=== RECORDS FOR THE TASK ===
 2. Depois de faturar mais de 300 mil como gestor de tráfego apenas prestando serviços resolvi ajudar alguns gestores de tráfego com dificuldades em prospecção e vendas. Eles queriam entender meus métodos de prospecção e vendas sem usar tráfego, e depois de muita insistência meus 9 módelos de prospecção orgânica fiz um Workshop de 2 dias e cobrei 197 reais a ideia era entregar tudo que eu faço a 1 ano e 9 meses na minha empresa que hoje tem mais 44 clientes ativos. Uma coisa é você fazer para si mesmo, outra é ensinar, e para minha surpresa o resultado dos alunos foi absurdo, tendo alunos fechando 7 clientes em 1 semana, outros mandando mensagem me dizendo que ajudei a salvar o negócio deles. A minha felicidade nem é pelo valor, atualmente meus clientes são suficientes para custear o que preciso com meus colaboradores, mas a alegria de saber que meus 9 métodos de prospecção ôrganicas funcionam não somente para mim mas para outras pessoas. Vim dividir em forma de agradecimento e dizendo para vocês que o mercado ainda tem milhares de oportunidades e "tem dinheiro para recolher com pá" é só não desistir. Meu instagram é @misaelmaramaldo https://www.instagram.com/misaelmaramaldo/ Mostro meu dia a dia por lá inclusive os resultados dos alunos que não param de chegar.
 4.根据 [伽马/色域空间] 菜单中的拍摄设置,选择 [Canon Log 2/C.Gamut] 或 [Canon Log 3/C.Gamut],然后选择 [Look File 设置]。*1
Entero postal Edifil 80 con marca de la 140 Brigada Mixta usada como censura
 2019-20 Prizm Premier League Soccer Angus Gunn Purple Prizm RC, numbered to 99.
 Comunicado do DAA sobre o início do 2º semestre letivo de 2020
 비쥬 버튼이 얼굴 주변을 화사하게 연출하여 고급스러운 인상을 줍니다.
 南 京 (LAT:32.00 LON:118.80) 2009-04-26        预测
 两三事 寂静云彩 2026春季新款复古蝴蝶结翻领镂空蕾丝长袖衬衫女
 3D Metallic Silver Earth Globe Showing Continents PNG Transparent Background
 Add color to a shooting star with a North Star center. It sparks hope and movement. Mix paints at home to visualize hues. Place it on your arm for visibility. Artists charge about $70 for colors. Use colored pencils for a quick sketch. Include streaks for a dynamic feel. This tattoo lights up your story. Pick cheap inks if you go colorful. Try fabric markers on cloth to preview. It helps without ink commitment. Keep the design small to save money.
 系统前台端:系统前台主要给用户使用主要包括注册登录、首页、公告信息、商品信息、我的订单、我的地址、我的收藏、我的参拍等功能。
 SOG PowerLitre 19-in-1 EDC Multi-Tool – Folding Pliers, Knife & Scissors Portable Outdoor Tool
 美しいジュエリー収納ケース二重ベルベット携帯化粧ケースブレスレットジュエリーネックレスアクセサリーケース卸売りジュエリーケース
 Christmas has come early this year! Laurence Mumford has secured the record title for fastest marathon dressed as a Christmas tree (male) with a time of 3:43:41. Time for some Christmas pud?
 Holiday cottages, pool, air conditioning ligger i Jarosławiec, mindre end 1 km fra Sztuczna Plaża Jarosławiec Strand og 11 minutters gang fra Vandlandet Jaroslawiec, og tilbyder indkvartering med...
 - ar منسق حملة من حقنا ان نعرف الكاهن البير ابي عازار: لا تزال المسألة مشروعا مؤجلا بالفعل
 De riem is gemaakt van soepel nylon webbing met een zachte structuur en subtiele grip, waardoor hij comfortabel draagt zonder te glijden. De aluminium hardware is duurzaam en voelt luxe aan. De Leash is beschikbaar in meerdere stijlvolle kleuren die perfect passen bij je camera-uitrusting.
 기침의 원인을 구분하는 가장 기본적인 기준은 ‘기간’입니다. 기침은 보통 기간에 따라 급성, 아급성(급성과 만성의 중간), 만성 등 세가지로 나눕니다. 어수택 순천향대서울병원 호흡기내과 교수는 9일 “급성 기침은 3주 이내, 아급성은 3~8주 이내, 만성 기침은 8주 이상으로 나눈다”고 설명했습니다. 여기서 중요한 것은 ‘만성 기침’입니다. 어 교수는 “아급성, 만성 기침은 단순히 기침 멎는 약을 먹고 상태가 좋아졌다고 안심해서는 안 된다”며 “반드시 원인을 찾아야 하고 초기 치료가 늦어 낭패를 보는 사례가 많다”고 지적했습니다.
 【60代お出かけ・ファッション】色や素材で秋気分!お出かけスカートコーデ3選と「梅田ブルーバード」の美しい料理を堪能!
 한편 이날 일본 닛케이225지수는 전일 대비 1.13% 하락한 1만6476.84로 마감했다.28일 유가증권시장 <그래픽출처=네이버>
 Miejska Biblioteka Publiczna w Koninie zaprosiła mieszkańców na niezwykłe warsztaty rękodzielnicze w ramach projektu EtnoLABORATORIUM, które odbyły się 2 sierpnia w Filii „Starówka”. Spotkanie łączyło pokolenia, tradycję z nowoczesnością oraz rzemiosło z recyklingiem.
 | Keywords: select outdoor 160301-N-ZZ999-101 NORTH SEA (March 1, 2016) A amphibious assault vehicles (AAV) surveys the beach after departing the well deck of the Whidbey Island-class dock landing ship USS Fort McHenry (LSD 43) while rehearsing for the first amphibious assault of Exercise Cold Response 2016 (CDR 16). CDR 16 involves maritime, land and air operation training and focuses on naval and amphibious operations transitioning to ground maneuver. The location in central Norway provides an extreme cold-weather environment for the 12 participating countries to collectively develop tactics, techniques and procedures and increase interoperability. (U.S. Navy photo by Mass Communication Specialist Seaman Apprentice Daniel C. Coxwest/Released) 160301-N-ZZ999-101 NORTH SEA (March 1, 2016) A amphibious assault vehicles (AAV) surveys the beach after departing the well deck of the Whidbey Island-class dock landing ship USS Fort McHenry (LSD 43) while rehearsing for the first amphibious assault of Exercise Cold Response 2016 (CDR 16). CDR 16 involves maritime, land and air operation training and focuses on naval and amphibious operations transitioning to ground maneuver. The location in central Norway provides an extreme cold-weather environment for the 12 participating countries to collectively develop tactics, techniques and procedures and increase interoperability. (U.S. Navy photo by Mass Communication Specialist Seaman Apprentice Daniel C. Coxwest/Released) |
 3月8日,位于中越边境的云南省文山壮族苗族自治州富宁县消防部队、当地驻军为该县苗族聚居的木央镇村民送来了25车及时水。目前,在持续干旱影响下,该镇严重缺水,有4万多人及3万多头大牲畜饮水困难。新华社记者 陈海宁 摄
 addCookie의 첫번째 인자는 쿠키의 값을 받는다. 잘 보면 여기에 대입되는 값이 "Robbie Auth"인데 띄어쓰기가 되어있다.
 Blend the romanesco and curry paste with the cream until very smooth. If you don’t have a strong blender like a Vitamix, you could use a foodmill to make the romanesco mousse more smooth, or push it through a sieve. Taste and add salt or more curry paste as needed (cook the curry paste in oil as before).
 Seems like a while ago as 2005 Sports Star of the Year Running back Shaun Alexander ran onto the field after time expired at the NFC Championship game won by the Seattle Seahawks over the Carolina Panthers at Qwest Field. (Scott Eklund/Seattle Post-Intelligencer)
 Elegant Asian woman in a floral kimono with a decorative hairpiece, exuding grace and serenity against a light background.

=== EXERCISE BRIEF ===
Looking at the records above, tally the lines holding "while" and reply with that number only.

=== RESULT OF THIS TASK ===
2